§ Problem: Every record below should be retyped exactly, and no picture should appear in the copy.

§ Extracted data:
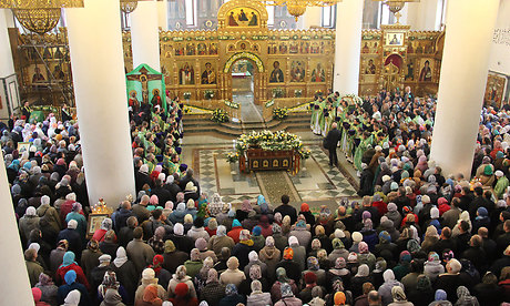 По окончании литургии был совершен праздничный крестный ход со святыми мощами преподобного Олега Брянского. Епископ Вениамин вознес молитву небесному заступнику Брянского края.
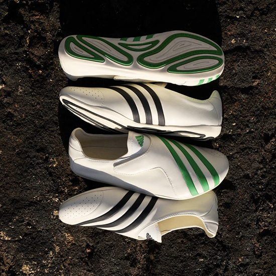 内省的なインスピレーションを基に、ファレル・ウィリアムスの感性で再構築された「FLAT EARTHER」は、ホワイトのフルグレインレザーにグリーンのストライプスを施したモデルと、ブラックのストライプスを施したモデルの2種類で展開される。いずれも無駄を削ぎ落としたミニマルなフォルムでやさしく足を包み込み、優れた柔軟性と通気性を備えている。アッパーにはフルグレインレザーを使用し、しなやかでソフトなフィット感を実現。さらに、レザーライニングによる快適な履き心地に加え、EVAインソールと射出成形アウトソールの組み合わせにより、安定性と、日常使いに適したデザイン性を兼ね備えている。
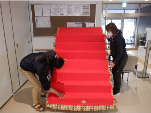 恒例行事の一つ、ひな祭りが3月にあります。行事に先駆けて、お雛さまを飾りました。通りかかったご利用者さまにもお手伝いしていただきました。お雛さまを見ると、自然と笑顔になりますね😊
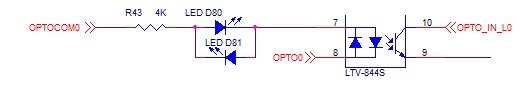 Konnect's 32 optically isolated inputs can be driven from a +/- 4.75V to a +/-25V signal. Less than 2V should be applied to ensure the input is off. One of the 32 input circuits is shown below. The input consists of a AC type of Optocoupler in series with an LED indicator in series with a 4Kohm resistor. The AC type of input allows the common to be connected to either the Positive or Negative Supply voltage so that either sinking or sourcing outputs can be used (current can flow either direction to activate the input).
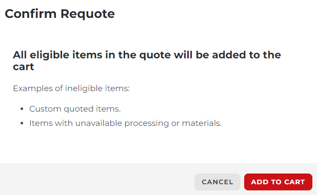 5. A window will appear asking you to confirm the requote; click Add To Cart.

§ Reply:
 По окончании литургии был совершен праздничный крестный ход со святыми мощами преподобного Олега Брянского. Епископ Вениамин вознес молитву небесному заступнику Брянского края.
 内省的なインスピレーションを基に、ファレル・ウィリアムスの感性で再構築された「FLAT EARTHER」は、ホワイトのフルグレインレザーにグリーンのストライプスを施したモデルと、ブラックのストライプスを施したモデルの2種類で展開される。いずれも無駄を削ぎ落としたミニマルなフォルムでやさしく足を包み込み、優れた柔軟性と通気性を備えている。アッパーにはフルグレインレザーを使用し、しなやかでソフトなフィット感を実現。さらに、レザーライニングによる快適な履き心地に加え、EVAインソールと射出成形アウトソールの組み合わせにより、安定性と、日常使いに適したデザイン性を兼ね備えている。
 恒例行事の一つ、ひな祭りが3月にあります。行事に先駆けて、お雛さまを飾りました。通りかかったご利用者さまにもお手伝いしていただきました。お雛さまを見ると、自然と笑顔になりますね😊
 Konnect's 32 optically isolated inputs can be driven from a +/- 4.75V to a +/-25V signal. Less than 2V should be applied to ensure the input is off. One of the 32 input circuits is shown below. The input consists of a AC type of Optocoupler in series with an LED indicator in series with a 4Kohm resistor. The AC type of input allows the common to be connected to either the Positive or Negative Supply voltage so that either sinking or sourcing outputs can be used (current can flow either direction to activate the input).
 5. A window will appear asking you to confirm the requote; click Add To Cart.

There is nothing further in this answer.